I can always breathe in Arosa. After the car ride during which The Boychen refused to sleep even though we purposely left at his nap-time, after the last 40 minutes when Small Boy’s admirable patience finally deserted him and he began asking “How much longer?” every five minutes and then arguing with us over the reply, after the mad dash to the sport store for helmets and sleds five minutes before closing, after the unpacking, I can breathe. A person can breathe up there, can breathe in big lungfuls of snow and sky, can breathe in this:

DSC_7545

Yes, a person can breathe up there.

What’s the difference between a bowl and a kidney dish?

December 7th, 2009

I once wrote a story in which one of my main characters, a 13-year-old girl, wakes in her hospital room after surgery to discover that she has broken her femur so violently in so many places that metal plates and screws have been inserted into the bone to help it knit together. On hearing this news, she begins to gag – she is about to throw up. My second main character, a 28-year-old doctor with a backstory, searches around for “a bowl” for her to throw up in. (He does not find one, and cups his hands for her to throw up into; the gesture is meant to reveal his character.)

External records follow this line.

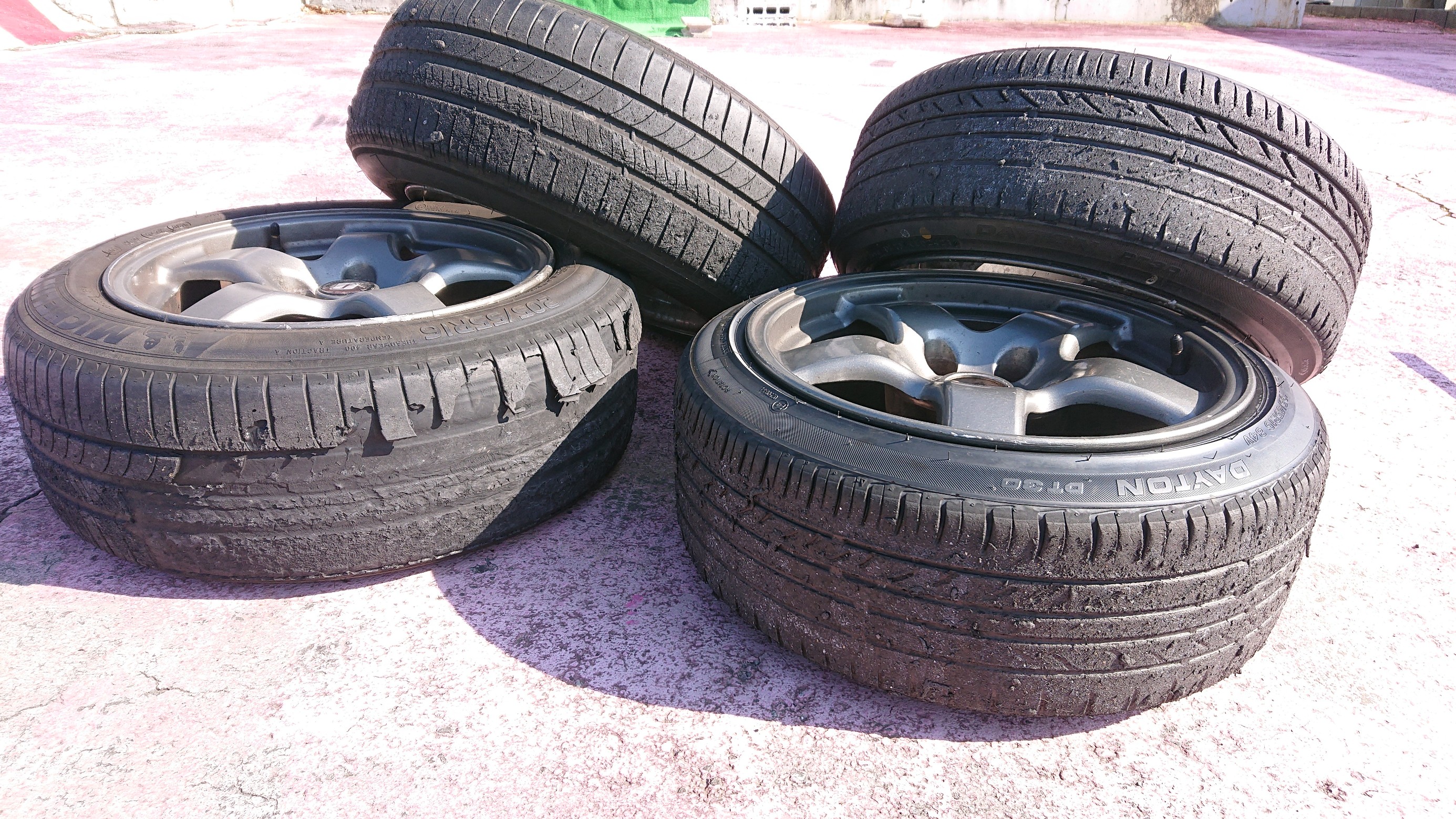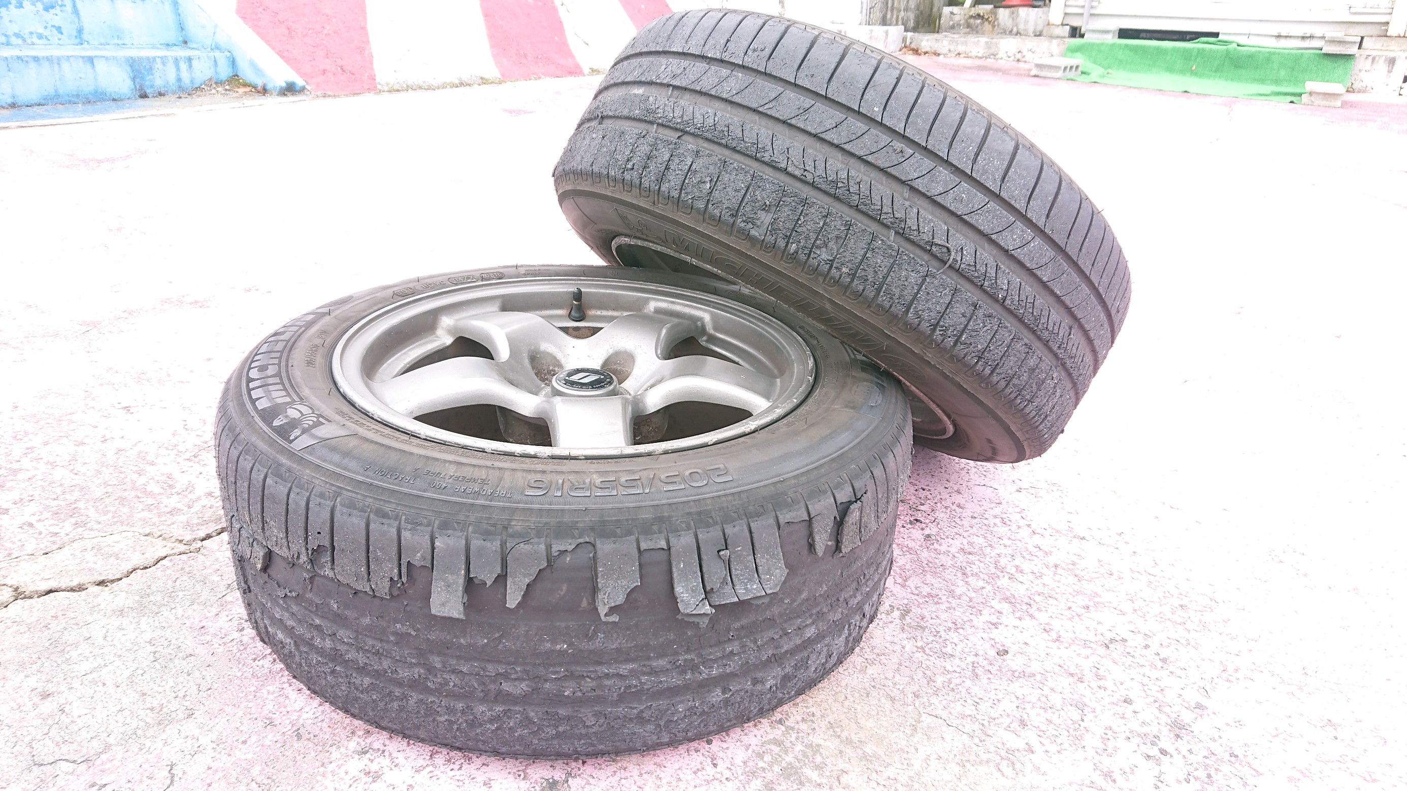 と言えど、先ほどのタイヤは使い物になりませんので持ち込んだ最後の1セットへ交換。
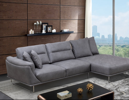 Product Description For a design that marries contemporary appeal to cushioned comfort, you need the Zenia sofa-chaise sectional. A stylish low profile design combined with a neutral grey colour palette accented by chrome legs guarantees the Zinia...Sale price $1,999.00Regular price $2,499.00Sale price $1,999.00Regular price $2,499.00 -
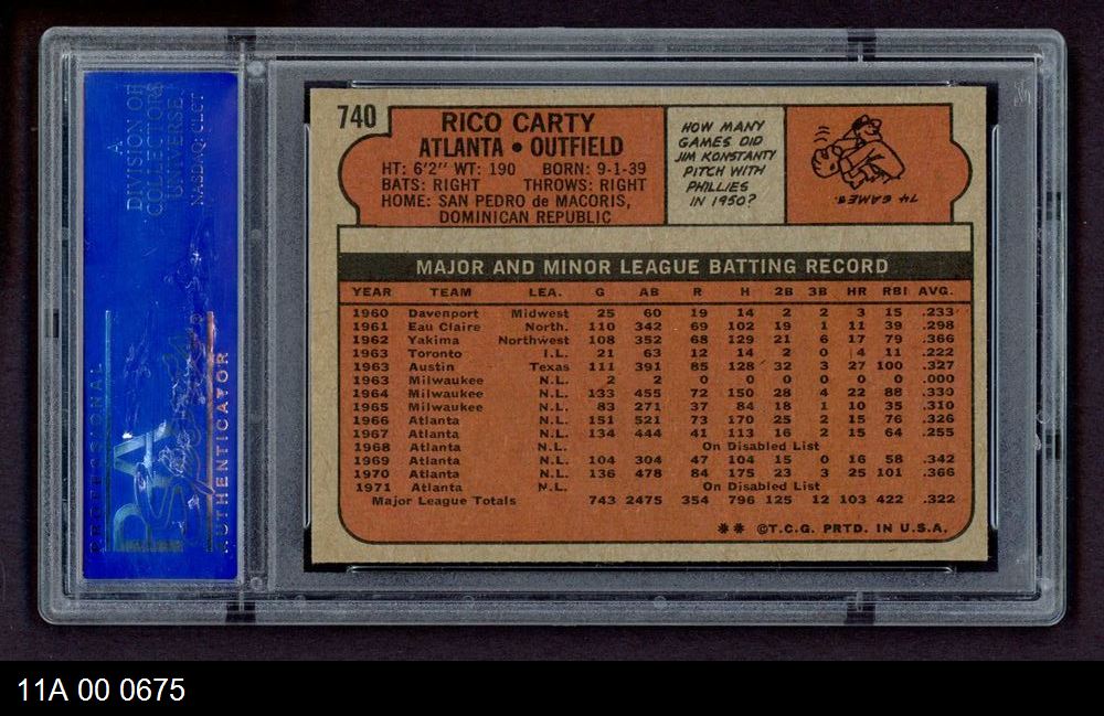 | 1972 Topps #740 Rico Carty | PSA 8 - NM/MT | Front | Back |
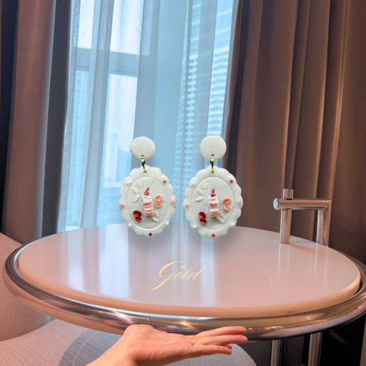 Strawberry Milk Cake Drop Earrings (Gold)
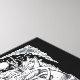 Hexen und Teufel, von Brian Benson. Das ist eine Tinte im B5-Format, die ich etwa 1994 gezeichnet habe. Der Titel stammt aus dem Namen eines Stückes von Albert Ayler. Das Bild zeigt ein Gesicht im Profil: Der Kopf enthält drei Hexen und mehrere monströse Gesichter.
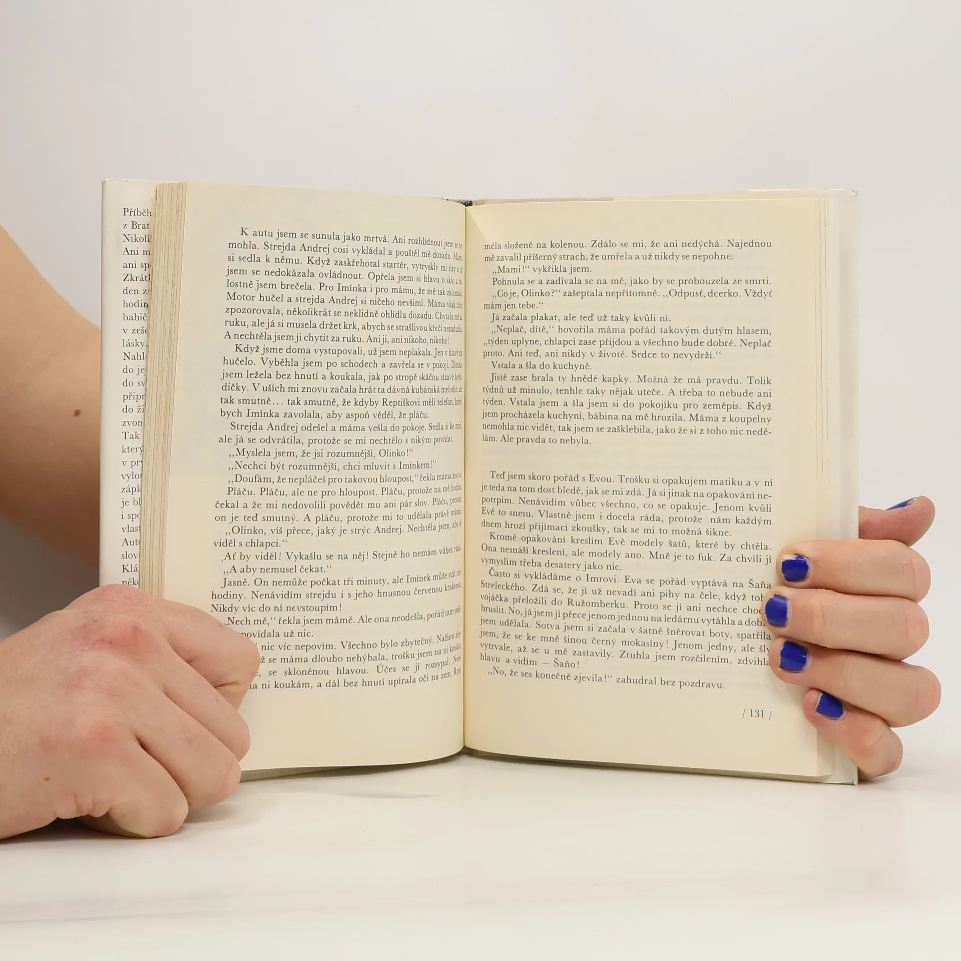 Příběh dospívající Olinky patří mezi nejvýznamnější díla Kláry Jarunkové a byl přeložený do mnoha jazyků. V USA vyšel jako Don´t cry for me. Příběh patnáctiletého děvčete z Bratislavy. Nikoli dobrodružný, nebo kriminální. Ani milostný, ani táborový, ani sportovní, ani... Zkrátka příběh. Jak člověka potkává den za dnem, událost za událostí, hodina za hodinou! Otec, matka, babička, škola, kamarádi. Zimní večer v zešeřelých ulicích, první náznak lásky. Nahlédnutí do světa rodičů, do jejich zlomů a katarzí, ale hlavně do světa patnáctiletých lidí, připravujících se k prvnímu kroku do života, jímž je blížící se poslední zvonění...
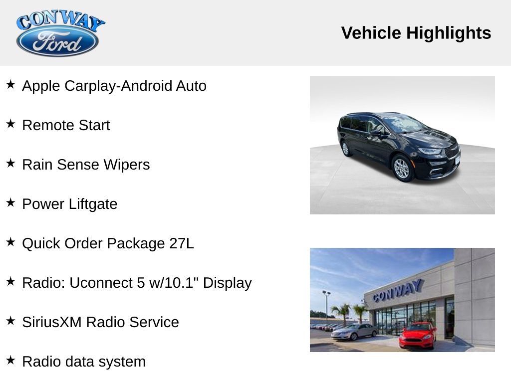 19/28 City/Highway MPG Brilliant Black Crystal Pearlcoat 2022 Chrysler Pacifica Touring L FWD 9-Speed 948TE Automatic 3.6L V6 24V VVT
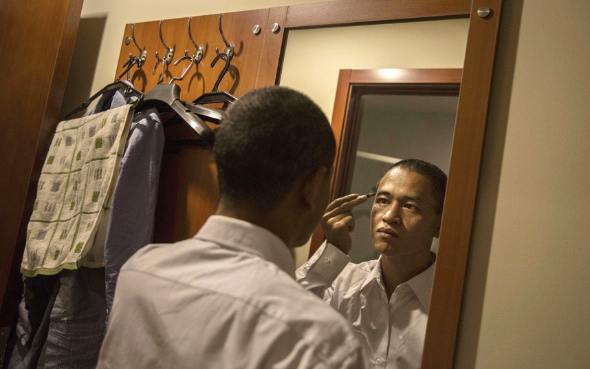 | Trước khi nổi tiếng và kiếm tiền nhờ diện mạo giống Obama, Xiao mưu sinh bằng công việc bảo vệ nhà máy trong suốt 10 năm. Bản sao của tổng thống Mỹ chỉ có thể nói được vài từ tiếng Anh. |
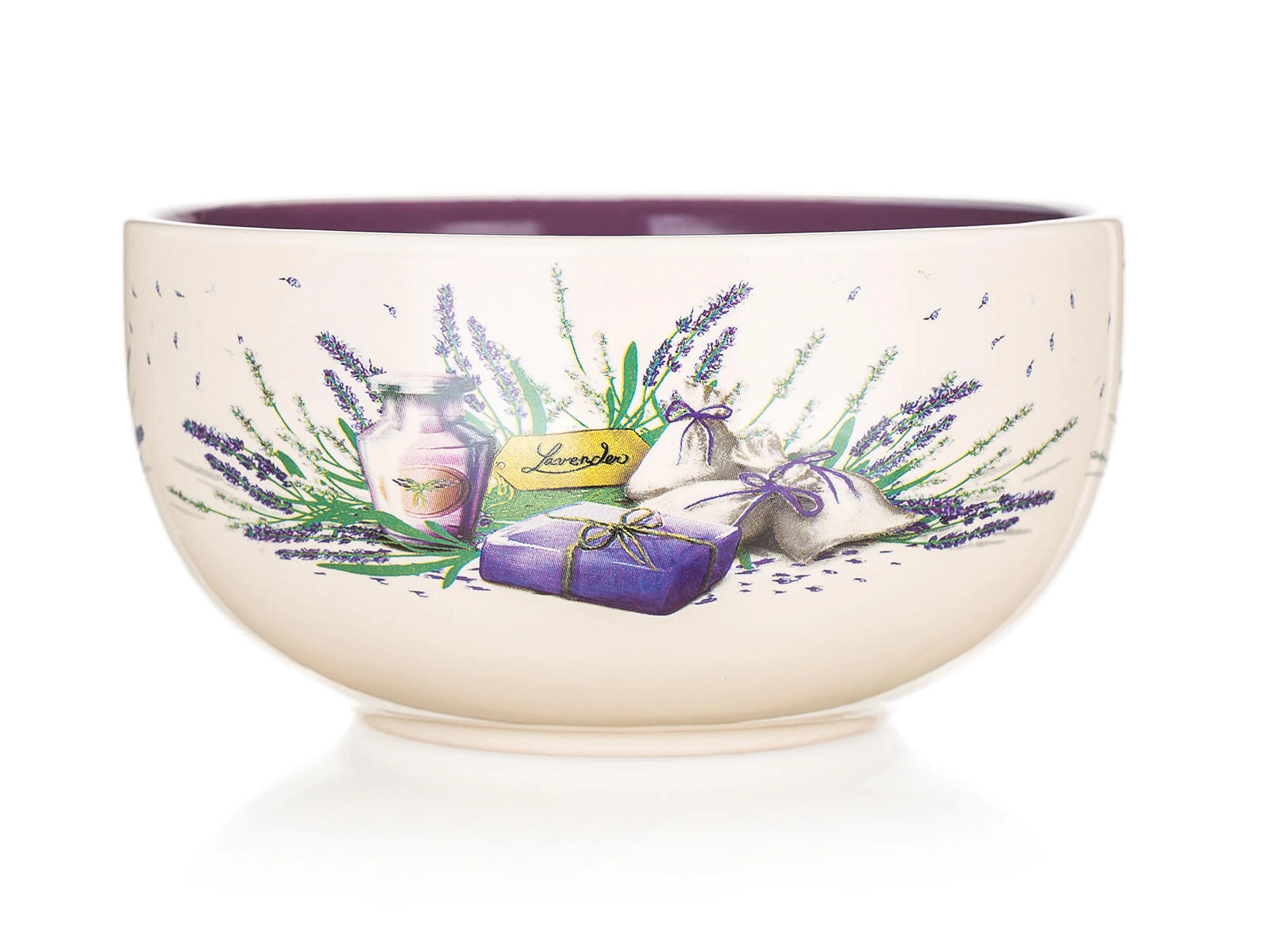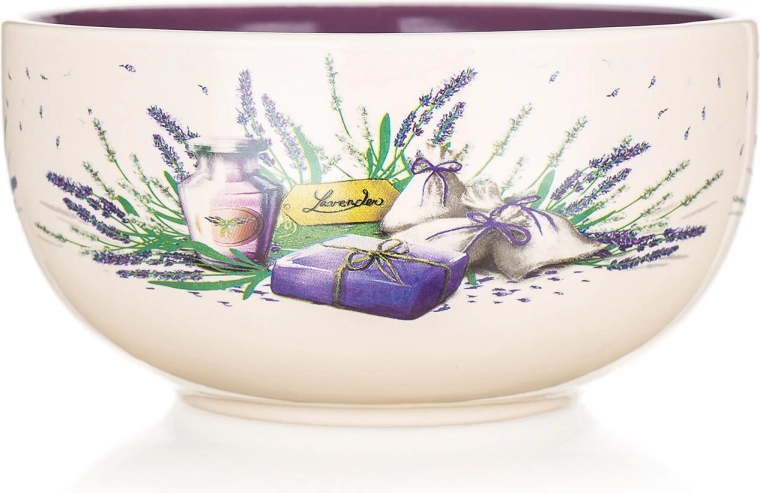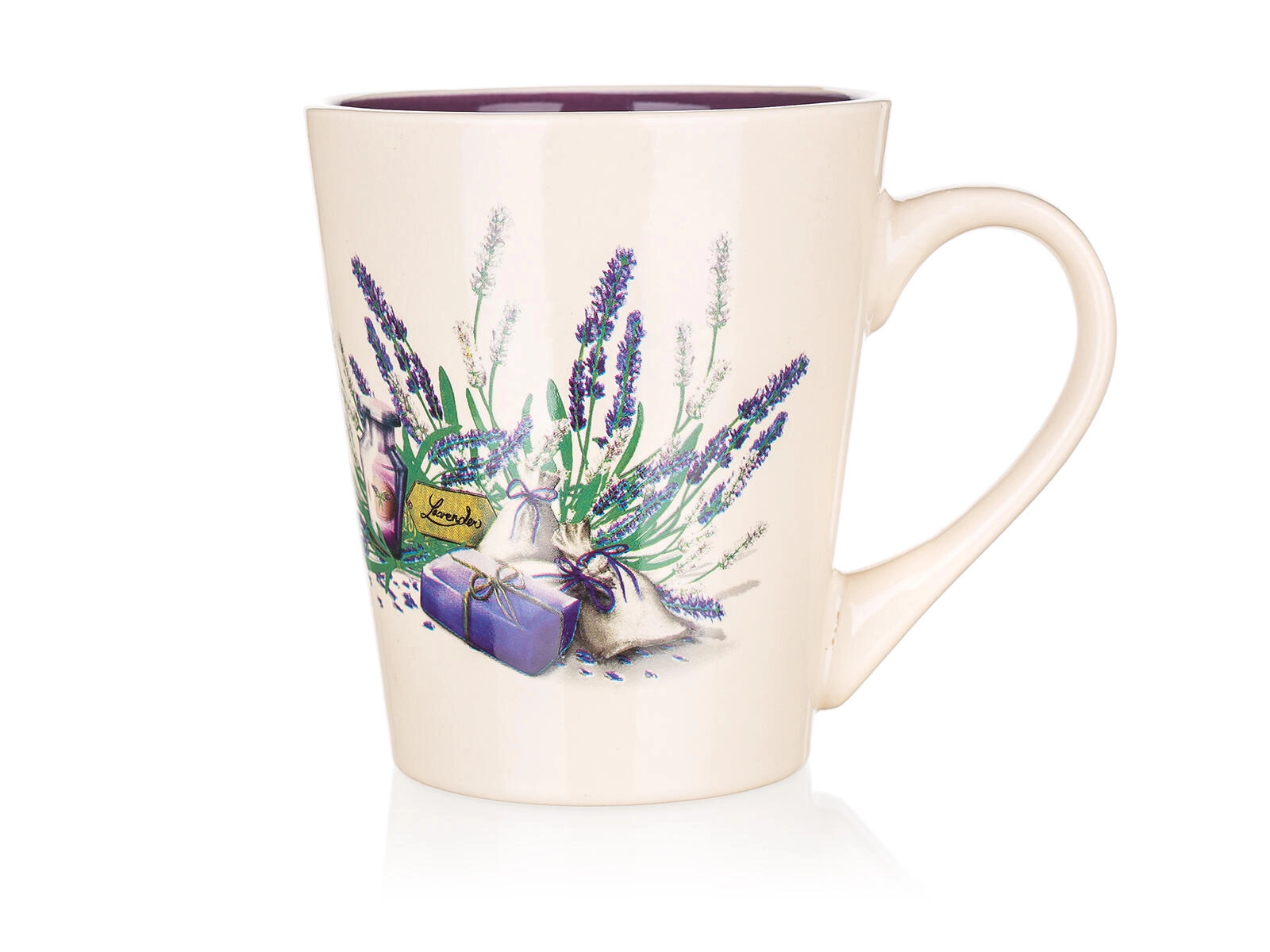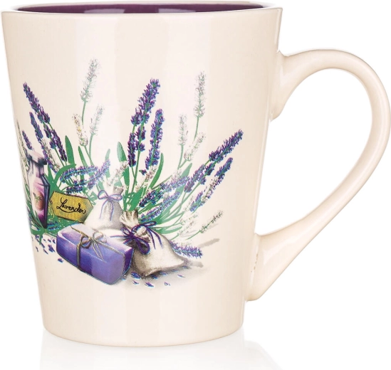 Stylová keramická snídaňová sada s motivem levandule obsahuje hrnek 360 ml a misku 540 ml. Dvoubarevná glazura béžová/fialová, pohodlné ucho hrnku a snadná údržba díky hladkému lesklému povrchu. Ideální na čaj, kávu, müsli i polévky a jako dekorativní doplněk kuchyně.

I’m currently reading Water for Elephants, and I read this line last night: “I turn as vomit explodes from my mouth. Someone is there with a kidney dish, but I overshoot…” Do you see how precise that is – kidney dish? The reader instantly pictures the curved stainless steel dish used in a hospital. The reader has a solid image in her head. A bowl? What is that? Tupperware? Glass? Something from the cafeteria? That – that precision, that detail and care, that research to get it right, that sharpening of every word – that is the difference between stories that stay inside the computer and stories that make their way in the world.

What’s the difference between a bowl and a kidney dish? All the difference in the world.